▸ EXCERPTED DATA:
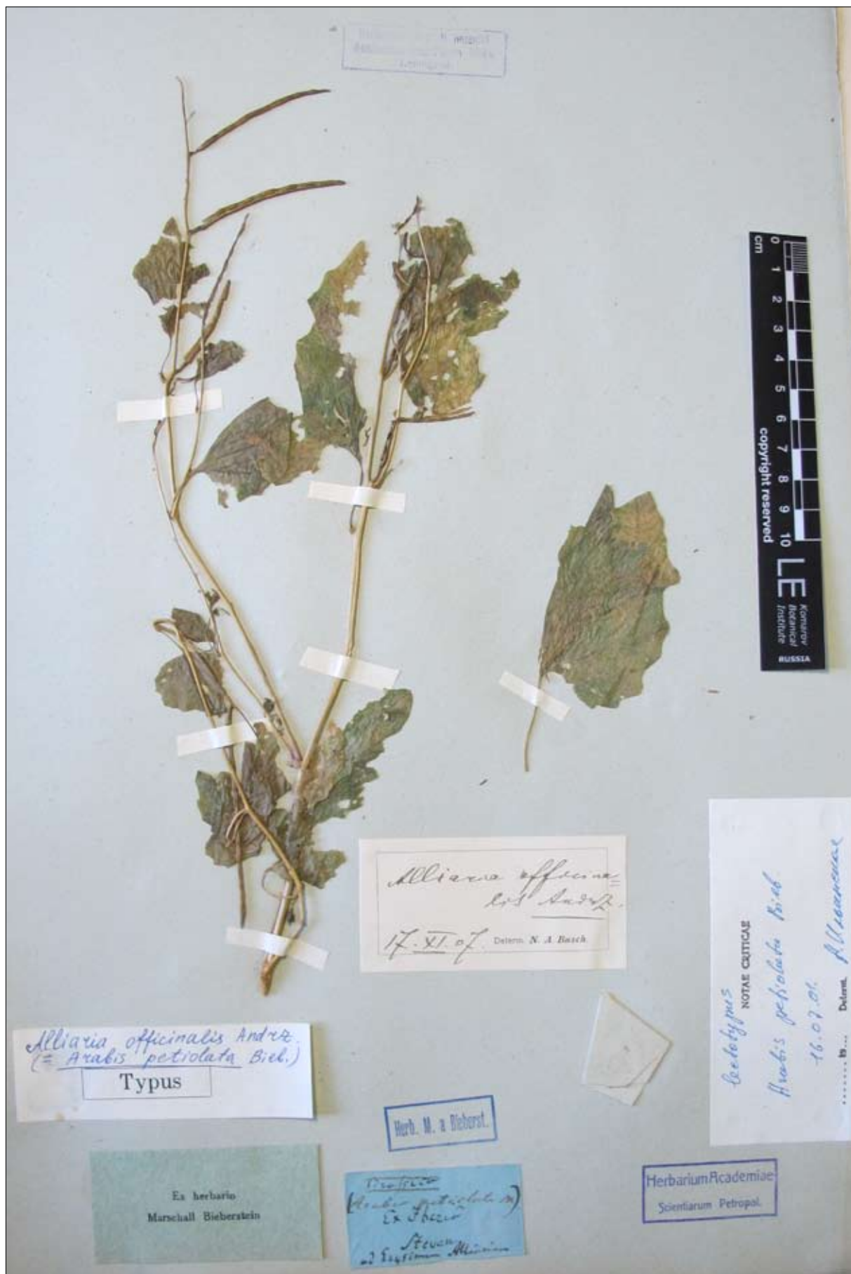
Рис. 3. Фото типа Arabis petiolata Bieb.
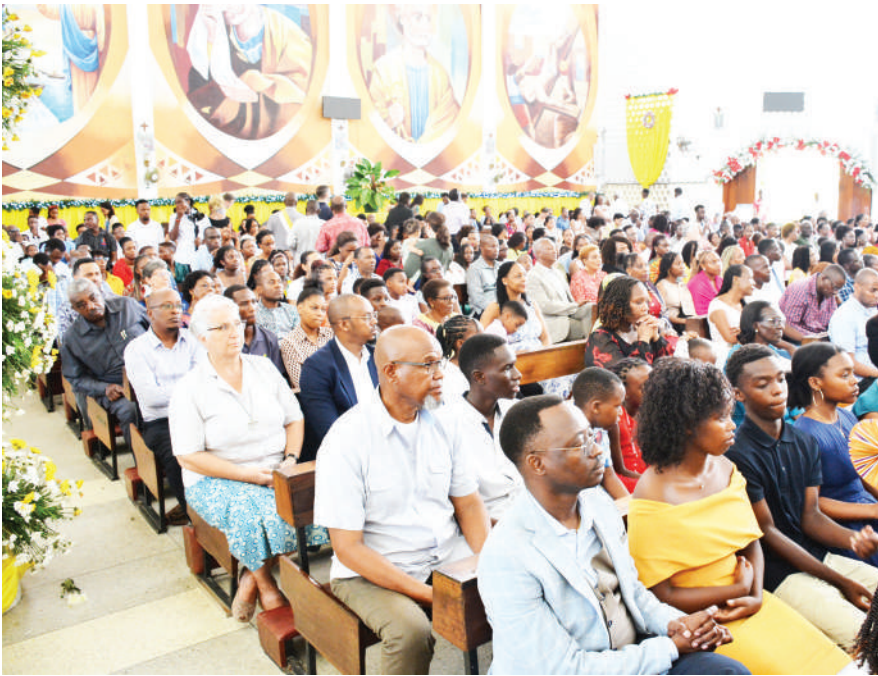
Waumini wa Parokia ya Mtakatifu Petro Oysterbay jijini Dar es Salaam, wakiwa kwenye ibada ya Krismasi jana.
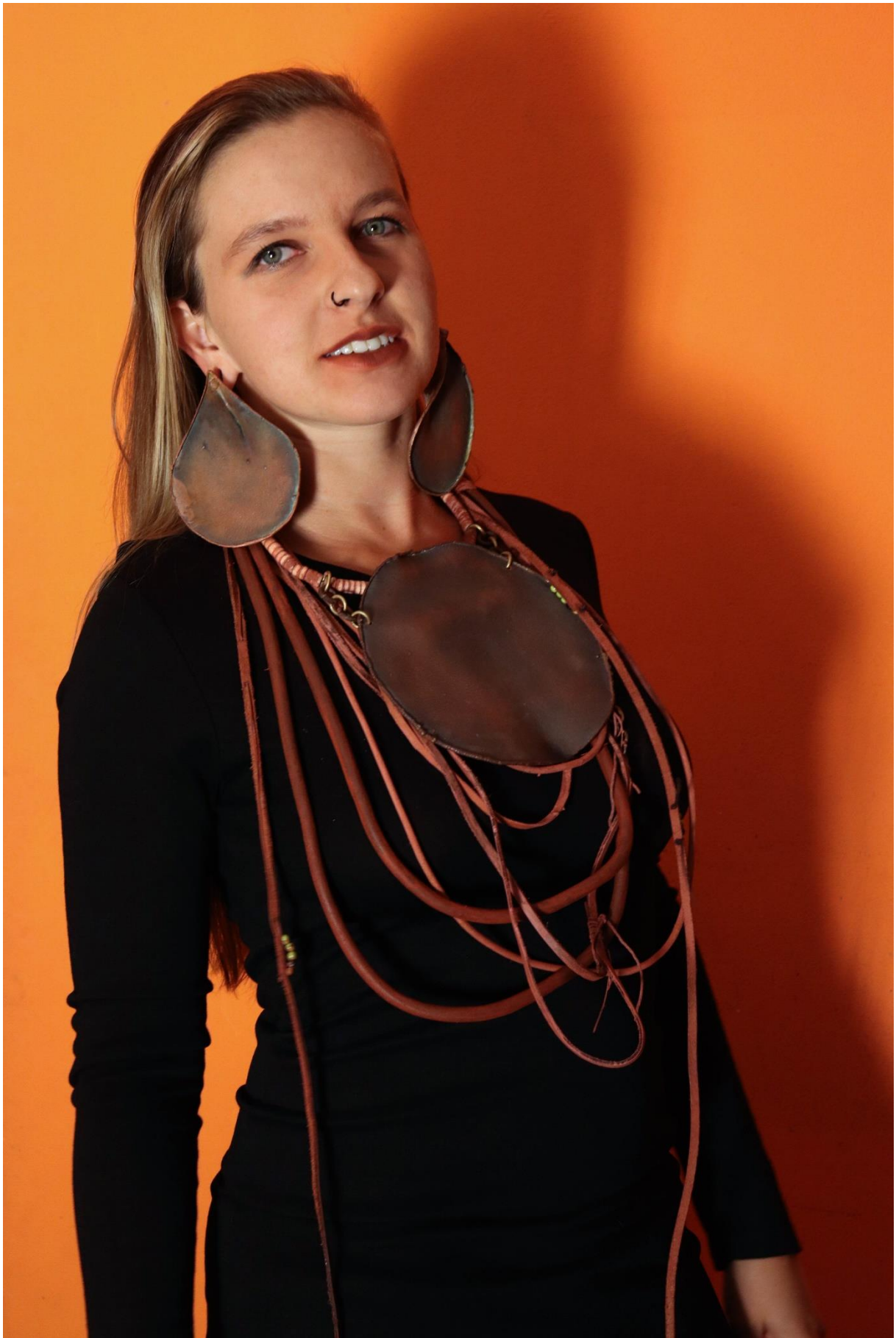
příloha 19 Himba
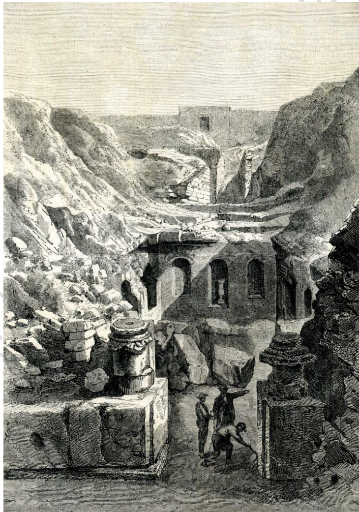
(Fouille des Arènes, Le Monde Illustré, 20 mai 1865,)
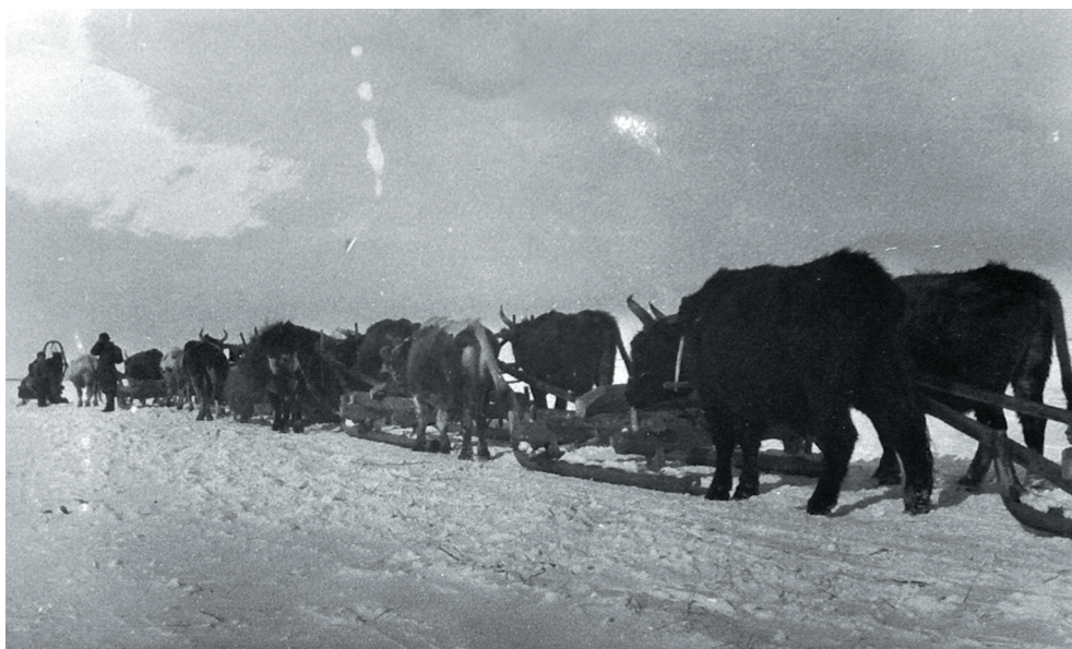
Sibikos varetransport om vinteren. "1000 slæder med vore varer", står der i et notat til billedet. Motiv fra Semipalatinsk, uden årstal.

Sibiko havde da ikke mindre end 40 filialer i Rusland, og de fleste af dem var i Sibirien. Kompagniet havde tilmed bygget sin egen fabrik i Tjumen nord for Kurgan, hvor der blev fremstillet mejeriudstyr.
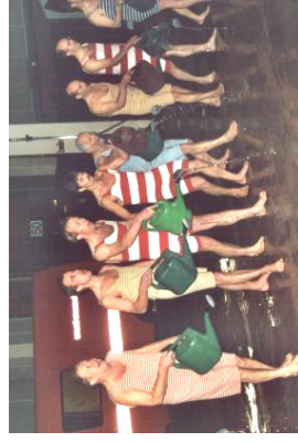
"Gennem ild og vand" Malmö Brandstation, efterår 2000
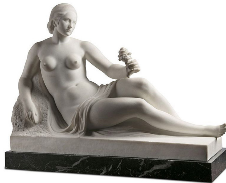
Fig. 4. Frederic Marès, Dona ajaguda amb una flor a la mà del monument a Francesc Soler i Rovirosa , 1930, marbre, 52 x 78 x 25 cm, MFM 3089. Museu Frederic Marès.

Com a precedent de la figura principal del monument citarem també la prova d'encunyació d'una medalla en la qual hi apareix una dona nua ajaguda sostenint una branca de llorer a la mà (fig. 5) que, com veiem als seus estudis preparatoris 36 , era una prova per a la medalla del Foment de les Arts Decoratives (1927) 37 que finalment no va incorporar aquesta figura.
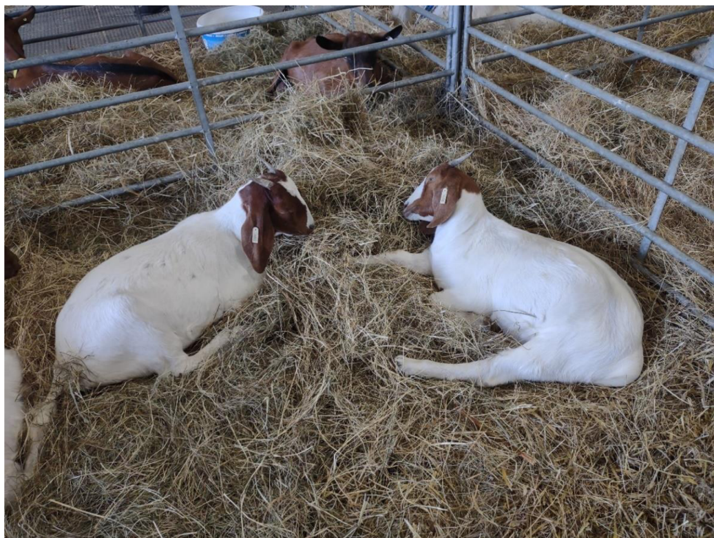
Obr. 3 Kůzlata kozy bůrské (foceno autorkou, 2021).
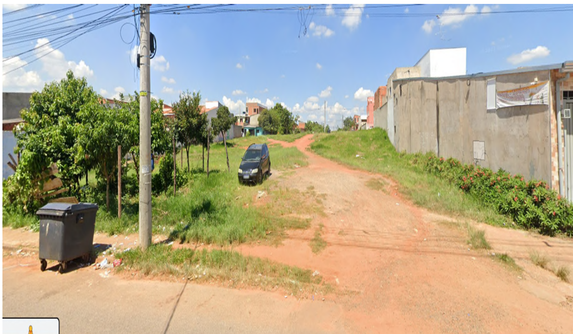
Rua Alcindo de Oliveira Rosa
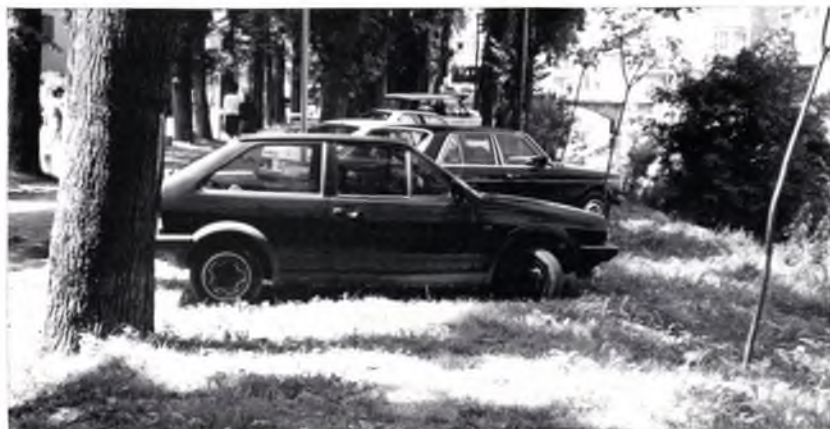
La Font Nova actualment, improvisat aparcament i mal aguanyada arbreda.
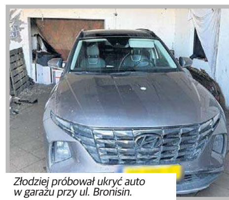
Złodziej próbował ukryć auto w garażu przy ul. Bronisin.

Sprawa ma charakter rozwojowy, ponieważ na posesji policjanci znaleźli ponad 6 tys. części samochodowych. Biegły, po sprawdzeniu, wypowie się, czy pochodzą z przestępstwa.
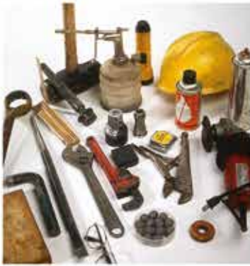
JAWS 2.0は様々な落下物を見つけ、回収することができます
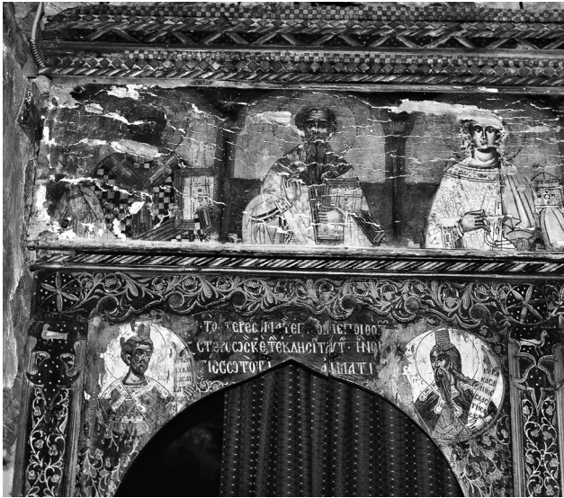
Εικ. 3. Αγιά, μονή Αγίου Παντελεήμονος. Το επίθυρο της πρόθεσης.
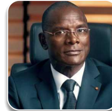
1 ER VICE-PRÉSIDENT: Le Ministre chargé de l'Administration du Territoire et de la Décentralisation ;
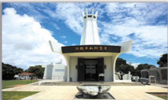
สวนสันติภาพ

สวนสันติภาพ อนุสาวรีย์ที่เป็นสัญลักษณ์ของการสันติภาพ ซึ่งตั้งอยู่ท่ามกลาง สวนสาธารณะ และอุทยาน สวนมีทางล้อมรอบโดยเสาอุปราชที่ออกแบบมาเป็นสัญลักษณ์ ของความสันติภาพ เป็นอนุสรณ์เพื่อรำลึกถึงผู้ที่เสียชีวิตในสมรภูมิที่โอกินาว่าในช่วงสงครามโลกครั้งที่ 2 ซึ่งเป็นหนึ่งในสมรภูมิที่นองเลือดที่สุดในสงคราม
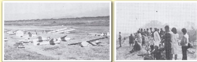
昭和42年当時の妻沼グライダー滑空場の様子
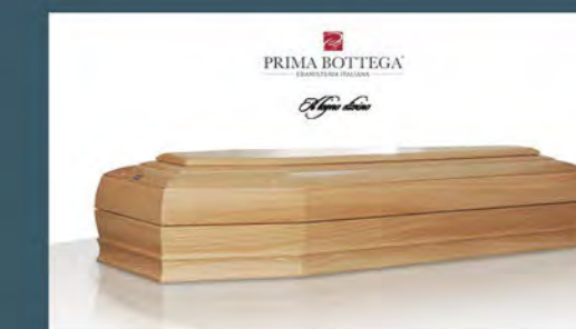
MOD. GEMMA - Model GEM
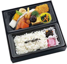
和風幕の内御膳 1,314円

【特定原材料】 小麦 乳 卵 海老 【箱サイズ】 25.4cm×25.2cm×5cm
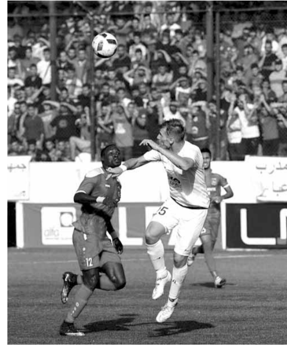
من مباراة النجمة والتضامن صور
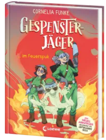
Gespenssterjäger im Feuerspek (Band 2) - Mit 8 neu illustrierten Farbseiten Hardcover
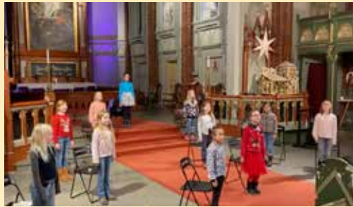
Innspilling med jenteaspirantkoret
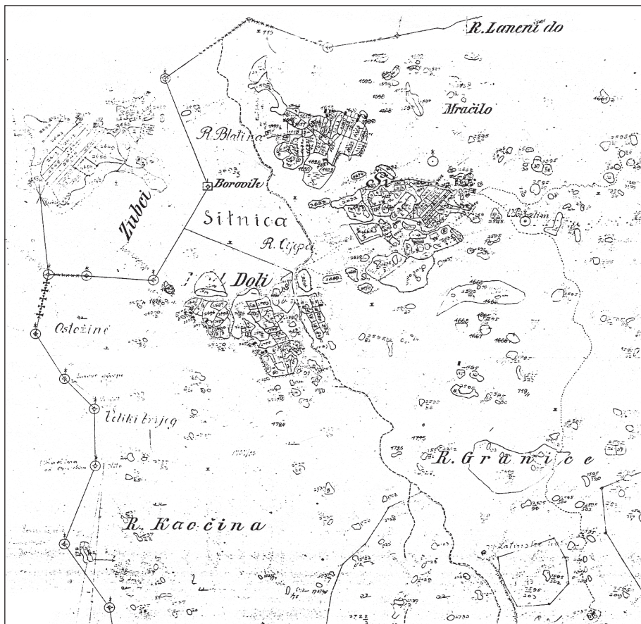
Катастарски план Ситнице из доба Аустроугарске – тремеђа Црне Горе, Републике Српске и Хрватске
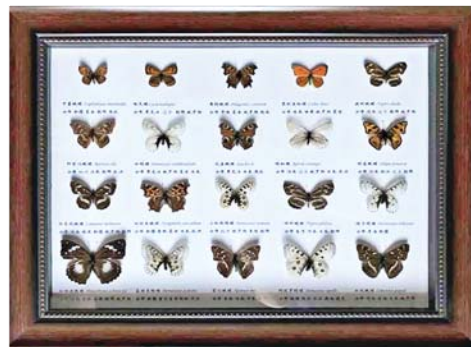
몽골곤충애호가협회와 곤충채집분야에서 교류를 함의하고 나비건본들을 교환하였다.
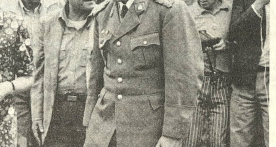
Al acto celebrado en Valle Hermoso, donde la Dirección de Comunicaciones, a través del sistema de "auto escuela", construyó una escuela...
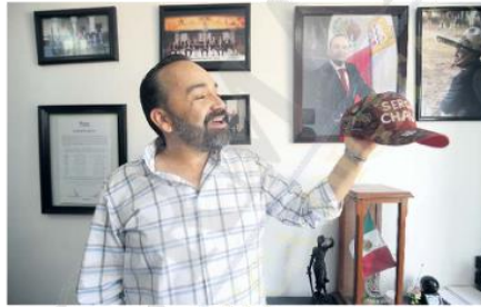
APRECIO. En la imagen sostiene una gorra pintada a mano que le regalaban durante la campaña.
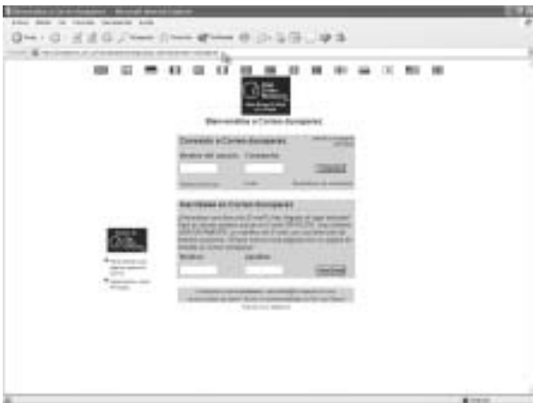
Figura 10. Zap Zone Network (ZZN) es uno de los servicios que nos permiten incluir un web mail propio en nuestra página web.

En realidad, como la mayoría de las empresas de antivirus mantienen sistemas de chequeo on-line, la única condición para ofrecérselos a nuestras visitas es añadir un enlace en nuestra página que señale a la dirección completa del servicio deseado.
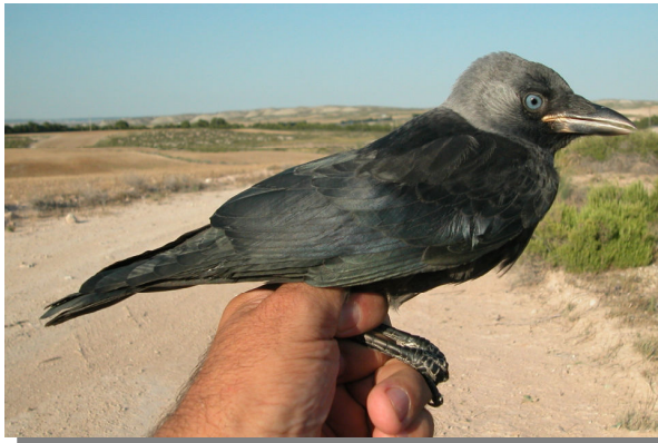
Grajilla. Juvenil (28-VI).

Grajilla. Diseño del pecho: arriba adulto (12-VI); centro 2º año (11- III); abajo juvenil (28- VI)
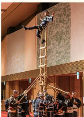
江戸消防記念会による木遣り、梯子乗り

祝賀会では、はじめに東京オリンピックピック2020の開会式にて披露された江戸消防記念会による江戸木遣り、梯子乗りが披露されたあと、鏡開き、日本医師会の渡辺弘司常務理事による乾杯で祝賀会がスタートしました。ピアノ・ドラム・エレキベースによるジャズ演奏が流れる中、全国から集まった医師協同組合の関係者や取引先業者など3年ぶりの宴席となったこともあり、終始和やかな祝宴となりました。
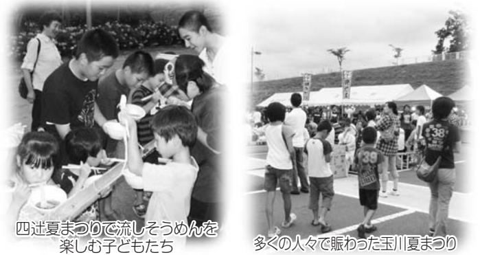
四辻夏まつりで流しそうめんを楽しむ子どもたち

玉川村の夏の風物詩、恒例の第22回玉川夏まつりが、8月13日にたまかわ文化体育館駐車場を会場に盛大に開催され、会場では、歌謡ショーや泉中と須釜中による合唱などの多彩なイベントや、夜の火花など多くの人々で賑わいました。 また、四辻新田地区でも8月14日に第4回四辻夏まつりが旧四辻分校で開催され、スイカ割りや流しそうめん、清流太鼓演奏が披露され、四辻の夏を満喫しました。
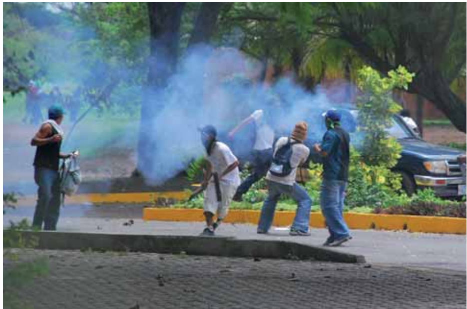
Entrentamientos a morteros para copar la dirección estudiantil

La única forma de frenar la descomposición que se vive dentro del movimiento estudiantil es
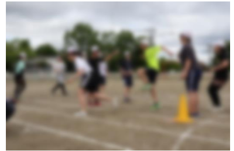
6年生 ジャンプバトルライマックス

▸ WHAT YOU SHOULD DO:
Among the lines above, find those holding "nuestra" and copy each one.

▸ ANSWER TO THE EXERCISE:
Figura 10. Zap Zone Network (ZZN) es uno de los servicios que nos permiten incluir un web mail propio en nuestra página web.
En realidad, como la mayoría de las empresas de antivirus mantienen sistemas de chequeo on-line, la única condición para ofrecérselos a nuestras visitas es añadir un enlace en nuestra página que señale a la dirección completa del servicio deseado.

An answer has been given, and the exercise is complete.